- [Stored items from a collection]
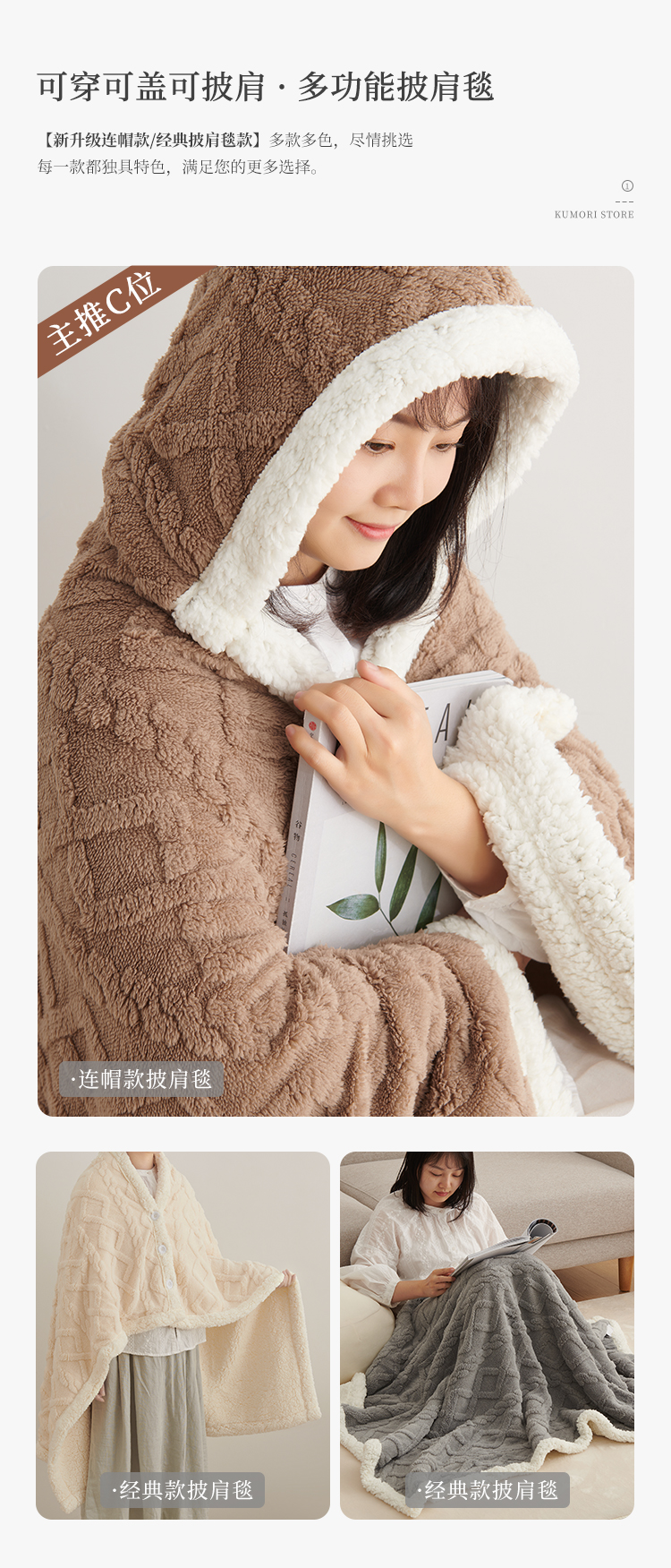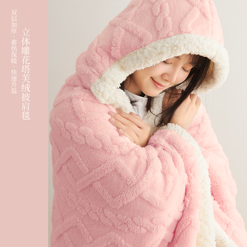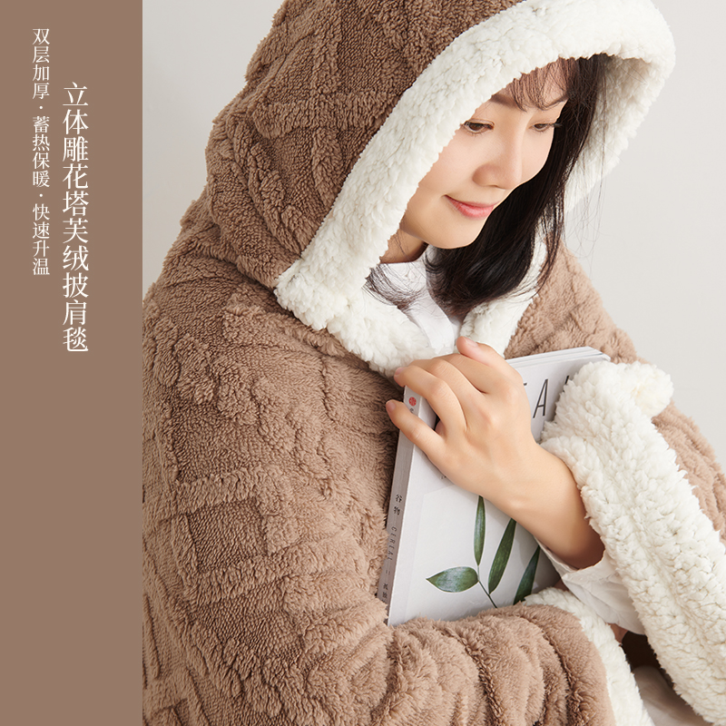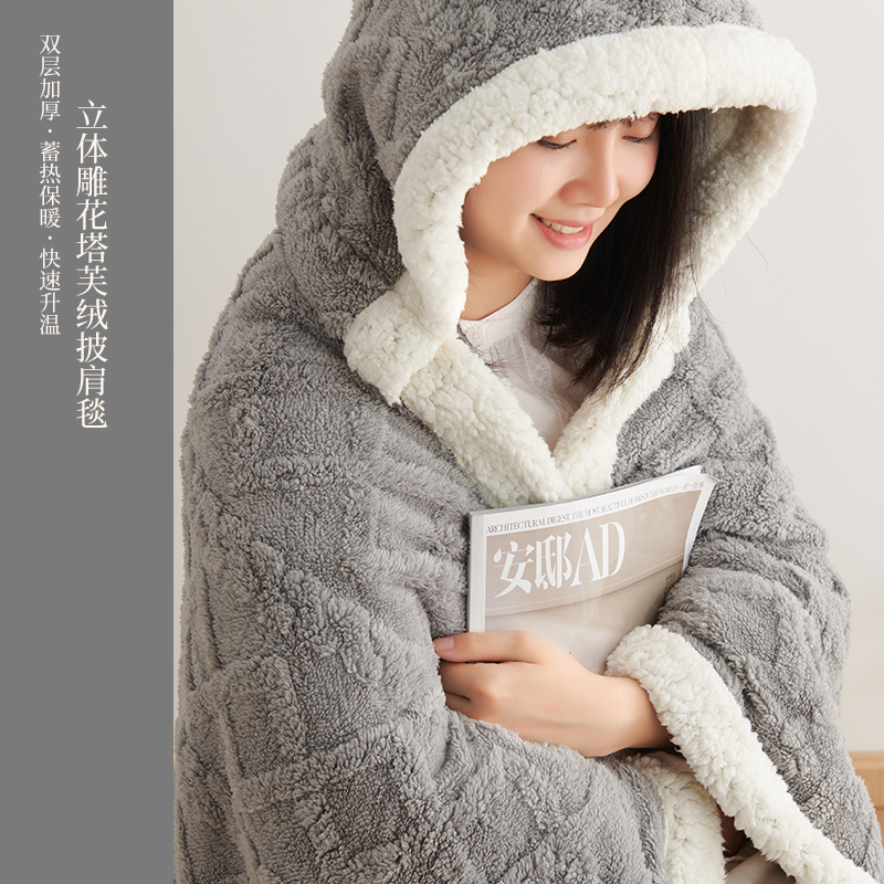 Tiantai Hualian 겨울 학생 담요 소파 에어컨 담요 점심 식사 사무실 두꺼운 담요 후드 판초
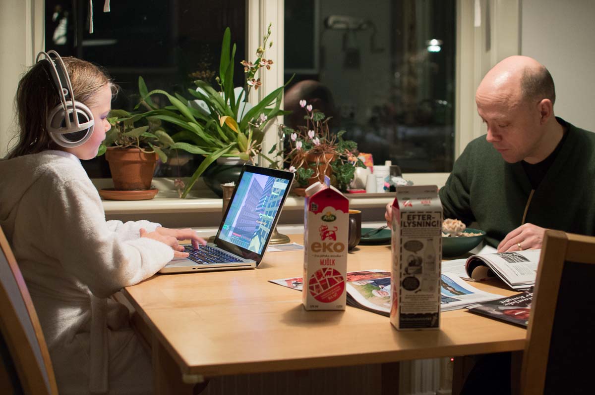 Just like during last year ski trip, and like the year before, the weather here in Stöten is cloudy and the air is full cloud and fog and snow, especially at the top. And it’s windy. When we get to the top of the hill, our thoughts focus on how to immediately start getting down the hill, in between the trees, away from the wind.
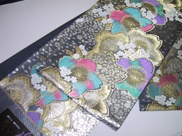 京都西陣 じゅらく の 若向きよう(振袖、訪問着、付け下げ、無地、小紋、など向き)のTOPブランド品『花かるた(花かおり)』ブランドです。6通柄袋帯 新品未仕立て品、絹100%金属糸等使用  濃紺色地に銀色のの生地に さくらはな、、、
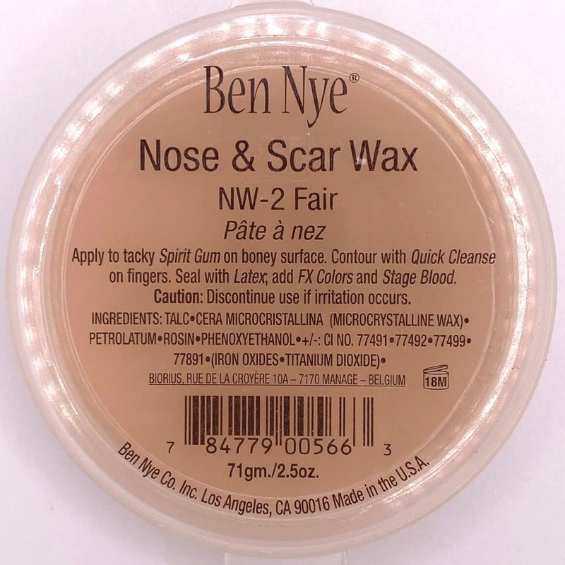 Ben Nye's Nose & Scar Wax changes the appearance of real skin to imitate all sorts of fleshly distortions! Feign a broken nose, a witch's chin or bullet holes with this moldable yet firm medium. Wax is translucent to emulate real skin!
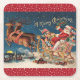 Julen underlägg med en färgstark, traditionell bild av Jultomten som flyger sin renborrade sömn vid jul Kväll. Med "God jul" på vackra guld-bokstäver.
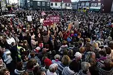It is said that in 1975, women in the workplace made 60% less than their male counterparts. Many were unable to work as they had to stay at home to do the housework and raise the children.[35] On Friday, October 24, women left their formal and informal work at 14:05 (2:05 pm), the time at which they would have earned their day's wage had they been paid at the same average rate as men.[36] The scale of the event was very large, involving 25,000 women in a country with just 220,000 inhabitants. In Reykjavik, almost 90% of the women participated.[37]
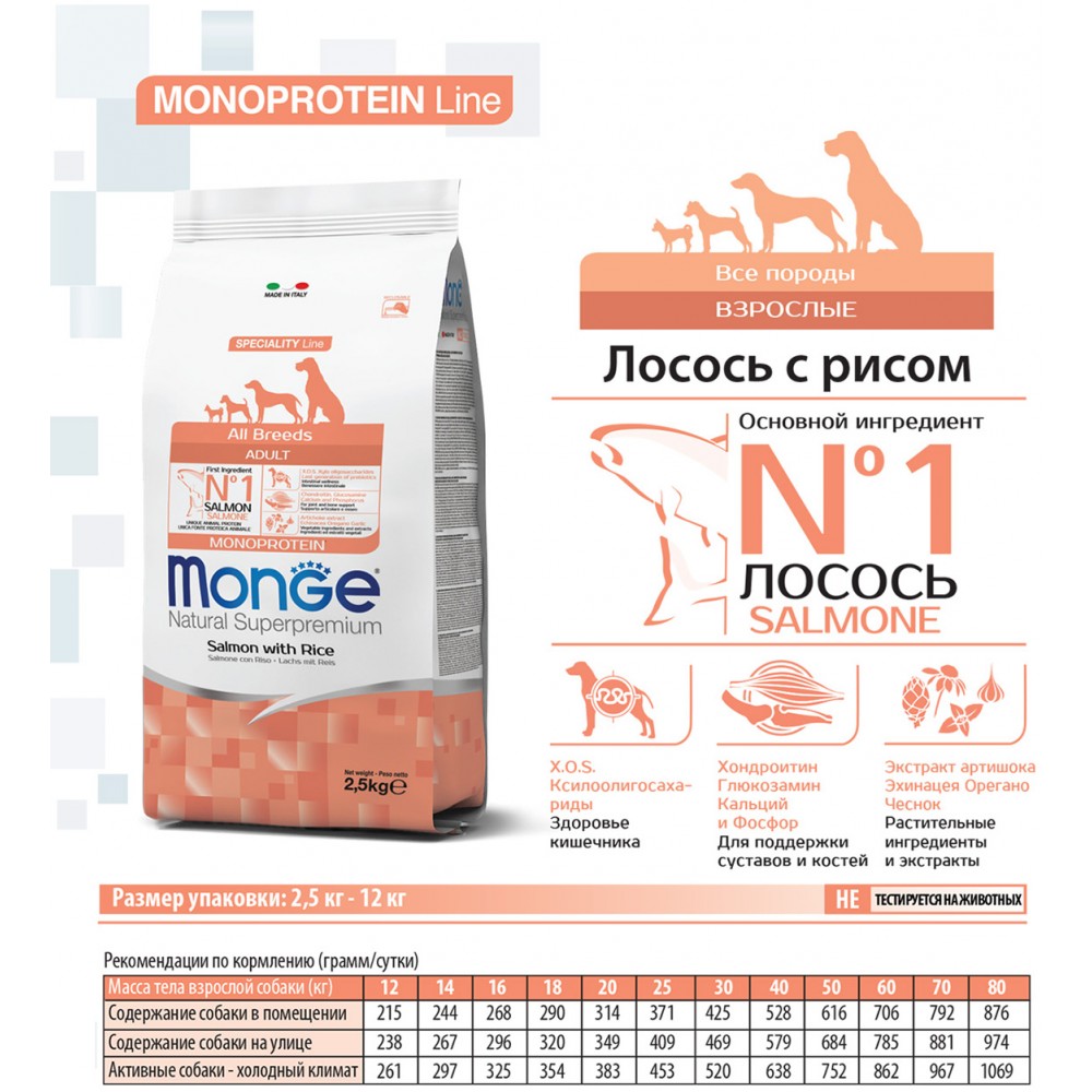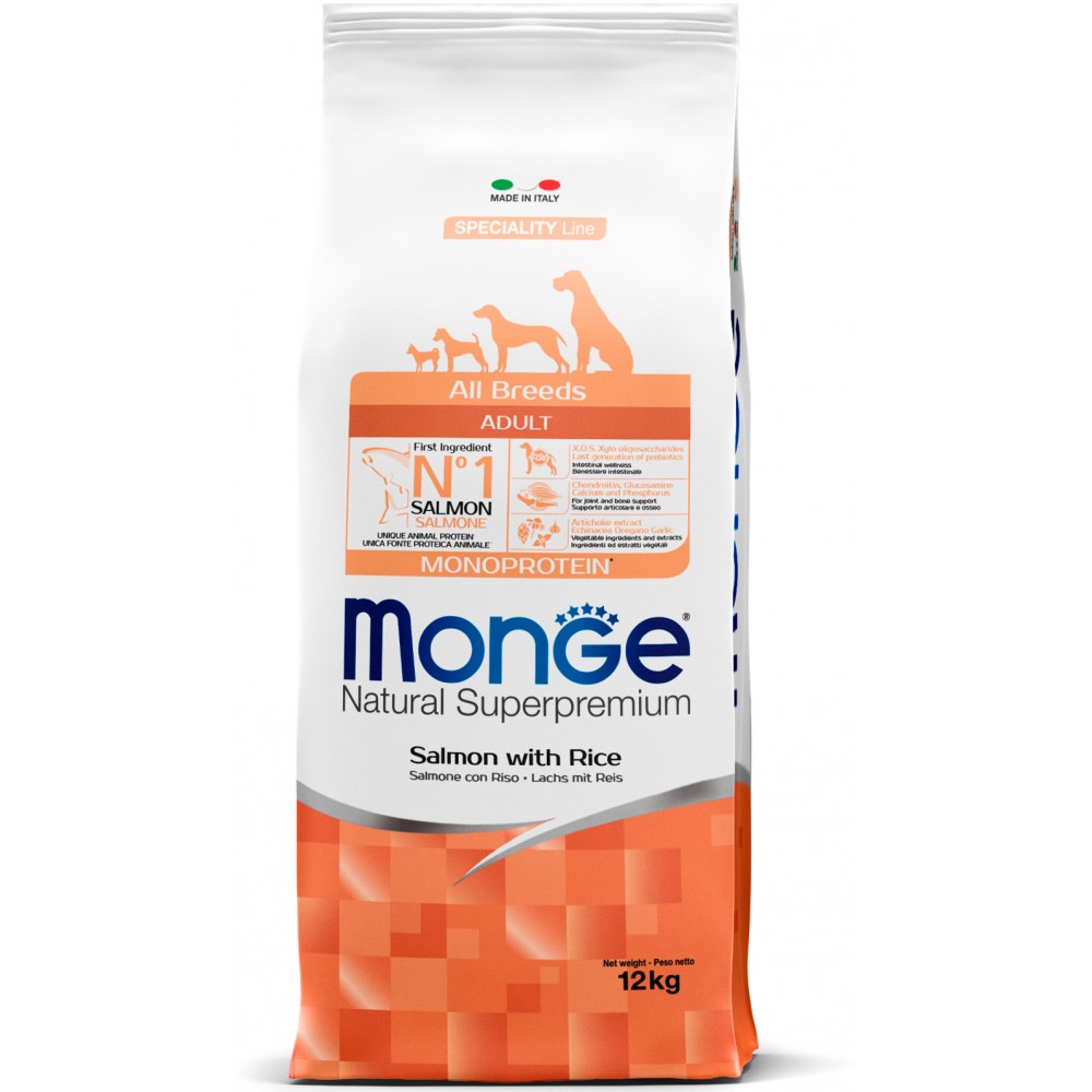 Monge (Монж/Монже) Dog Monoprotein (Монопротеин) корм для собак всех пород лосось с рисом 12 кг.
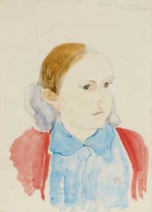 Descriere: Portret de fetiță redat din semiprofil dreapta, cu ochii mari, nasul cârn, părul prins în coadă la spate, poartă o haină roșie încheiată la gât.
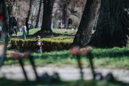 Joyful child playing in a peaceful park surrounded by trees and greenery on a sunny day

- [Brief]
Write down exactly what the lines above say, from the line holding "Just like during" through the line holding "京都西陣 じゅらく の 若向", and nothing more. Do not copy the pictures.

- [Written answer]
 Just like during last year ski trip, and like the year before, the weather here in Stöten is cloudy and the air is full cloud and fog and snow, especially at the top. And it’s windy. When we get to the top of the hill, our thoughts focus on how to immediately start getting down the hill, in between the trees, away from the wind.
 京都西陣 じゅらく の 若向きよう(振袖、訪問着、付け下げ、無地、小紋、など向き)のTOPブランド品『花かるた(花かおり)』ブランドです。6通柄袋帯 新品未仕立て品、絹100%金属糸等使用  濃紺色地に銀色のの生地に さくらはな、、、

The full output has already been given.